Because there are so many points of difference, the biggest challenge in this story was narrowing the scope of issues to compare, knowing full well that in a 2,000-word story, important issues would not make it into this story. Still, I kept my focus on the issues industry officials tend to use the most in defending themselves against their growing chorus of critics.

This particular story is as balanced as fairness allows. By that I mean, it is fair in clearly explaining the industry arguments and citing the studies that back their claims, while making sure to be accurate in the overall thrust of the story in terms of the impact woody biomass is having on — to pick just one issue — the accuracy of carbon-emissions accounting.

This is among the more important stories I’ve done on this issue since I started covering it in 2018. Hopefully, it will serve as a trustworthy resource for new reporters coming to this story and heavily lobbied policymakers trying to figure out who and what to believe when it comes to energy generation and actual climate mitigation.

In the Southeast U.S. — the world’s largest producer of wood pellets — natural forests are often cleared and then replanted with pine plantations. Environmentalists say fast-growing pine does not sequester nearly as much carbon as the hardwood and softwood forests they replace, nor harbor much biodiversity. Biomass backers say fast growing young forests sequester more carbon than mature forests. Pine plantations like this one are harvested on 20-year time cycles. Photo credit: nationalagroforestrycenter on Visualhunt

Mongabay: With British Columbia’s last old-growth at risk, government falters: Critics

Anzac Valley clear cuts in British Columbia’s boreal rainforest.

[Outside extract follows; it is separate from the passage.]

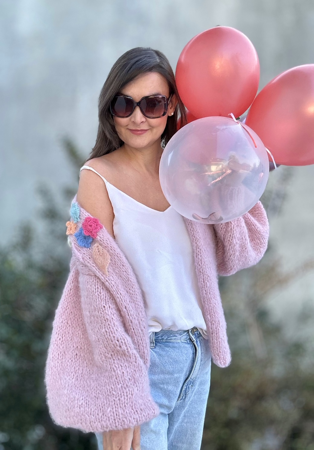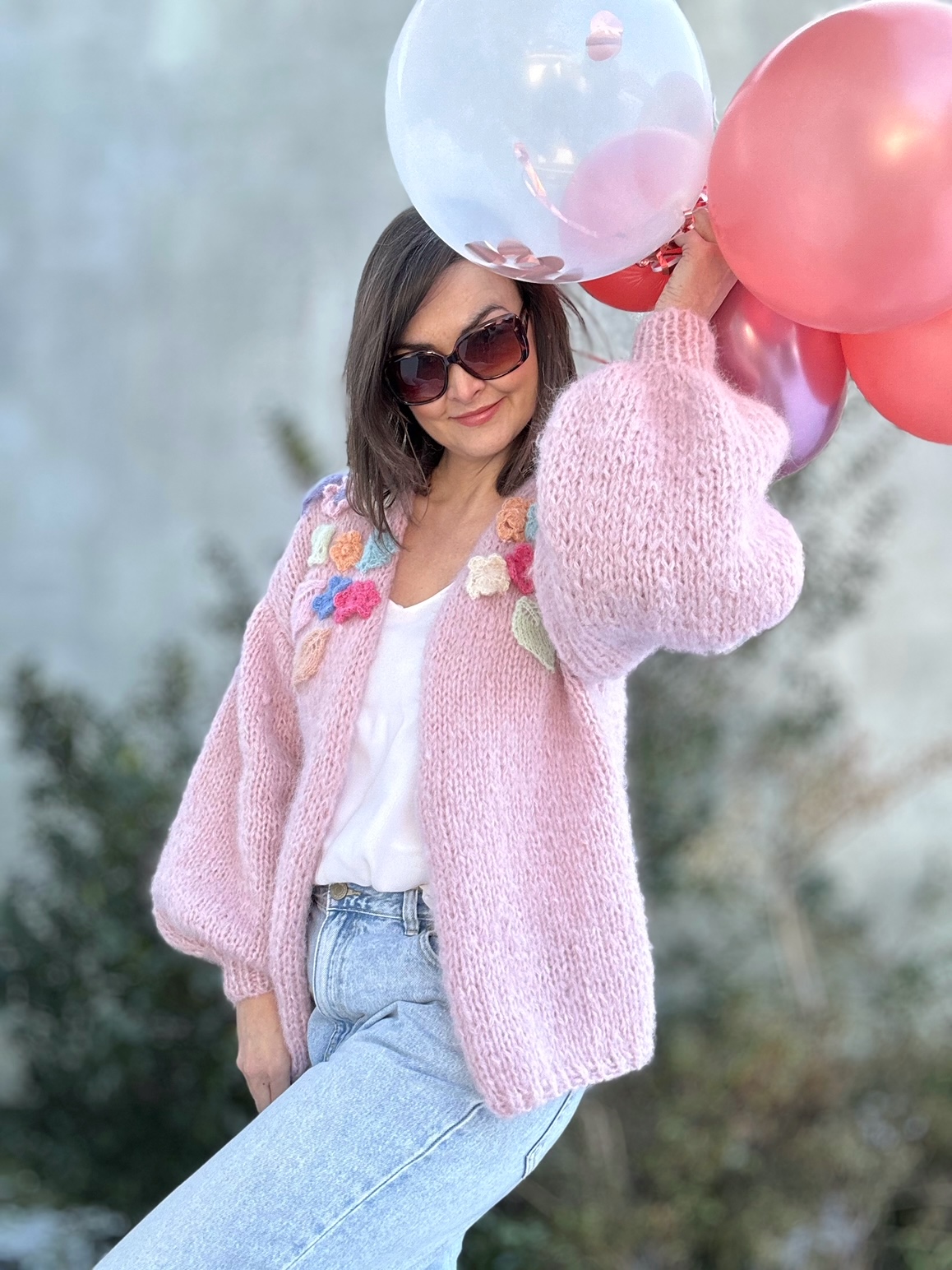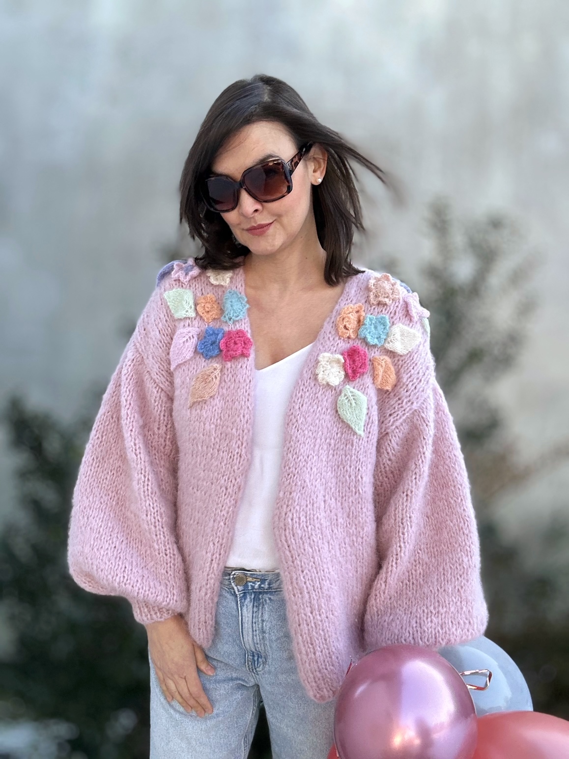 Kardigan Spring Love spleciony ręcznie na drutach z naturalnych włóczek (pierwsza to 77% Alpaka, 23% Jedwab, druga to:71% Alpaka, 25% Wełna, 4% Poliamid)Kobiecy i efektowny, ale nie krzykliwy. Uroku dodają mu kolorowe kwiatki wykonane na szydełku Kardigan jest miękki , puszysty i efektowny. Pasuje do wielu stylizacji.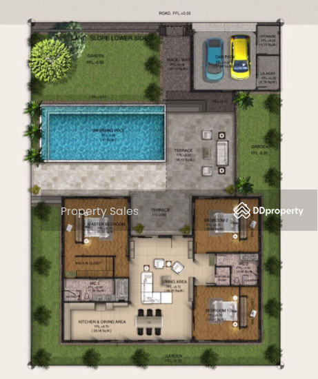 The house interior is a single-story villa with a large area. The project provides built-in furniture and ceiling lights to give a warm atmosphere. Besides, there are large mirrors around the house with blackout curtains. It also allows you to enjoy the outdoor area. There is a swimming pool, garden, and lawn for family activities. It is designed and decorated with a tropical garden to match the local climate, which is ready for you to breathe with fresh natural air in front of your home happily.

What you see was once completely forested. Image by Taylor Roades courtesy of Stand.earth.

In this story, I revisit a part of the world I wrote about last JuneBritish Columbia, its rare and vanishing towering old-growth forests in coastal and interior rainforests, and a progressive government’s promises to protect and preserve much of what’s left. Spoiler alert: it’s not.

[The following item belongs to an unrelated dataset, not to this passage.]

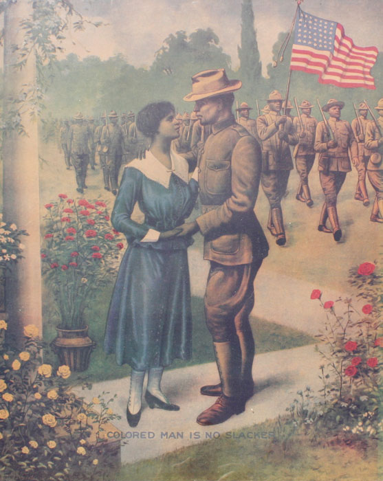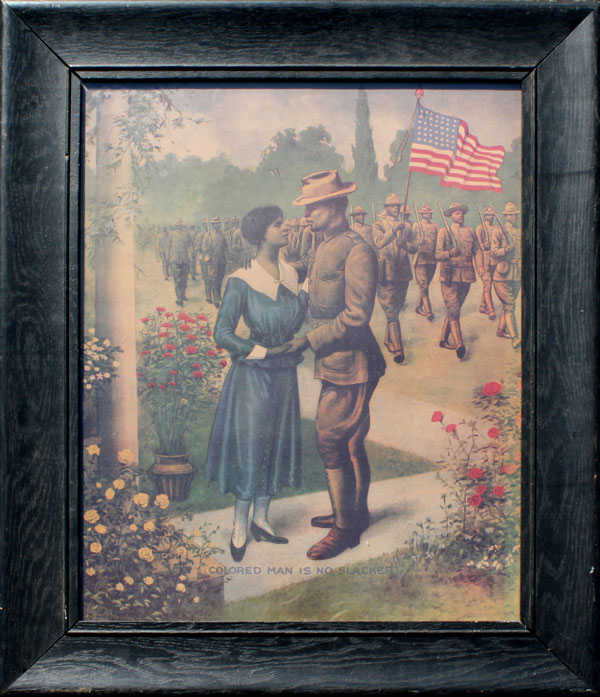BLACK AMERICANA WWI CHROMOLITHOGRAPH: ''The Colored Man is No Slacker'', sight size 19 1/2'' x 15 1/2'', ebonized oak frame, 25'' x 21 1/2''.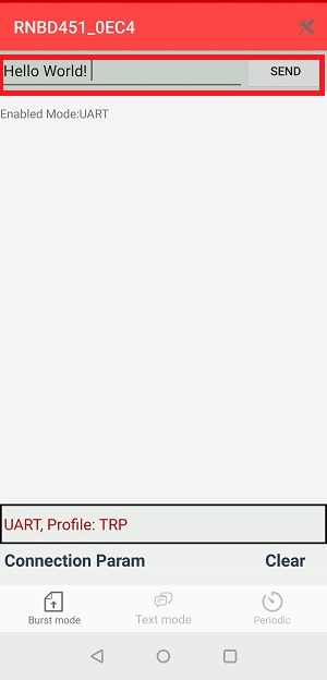 - Enter the text to be transferred from mobile to RNB45x device and click send button

“I know what they say [in the National Democratic Party], but I don’t know what this government’s long-term vision is for forestry,” Sonia Furstenau, BC’s Green Party leader, told me in an hour-long interview. “They are adhering to the status quo that is giving us the same outcomes we’ve had for decades. I was on the finance committee a few years ago. I spent a lot of time in small planes flying over the province. When you fly over British Columbia, it is a landscape of devastation. It’s heart-wrenching to see it from the sky, just how little intact forest there is left.”

My in-depth story reveals the sentiments some the top players in this environmental saga of unfilled political promises — leading forestry experts, political insiders, even a statement to Mongabay from BC’s forestry minister. It all adds up to an inescapable conclusion: despite the NDP adopting paradigm-shifting recommendations it commissioned in 2020, the majority government is still prioritizing logging and a growing wood-pellet industry over some of the last great old-growth forests, rare ecosystems and endangered species in North America.

As Canadian Prime Minister Justin Trudeau upped his nation’s carbon-reduction ambition under the Paris Agreement, he will find it increasingly difficult to meet those goals by 2030 as his country’s most powerful carbon sinks are felled for lumber and wood pellets to be burned overseas in power plants.

British Columbia’s remaining old-growth forests aren’t only valuable for the carbon storage they provide; they are also cherished for their uniqueness, the biodiversity they harbor, and the awe they inspire. Image by Jakob Dulisse.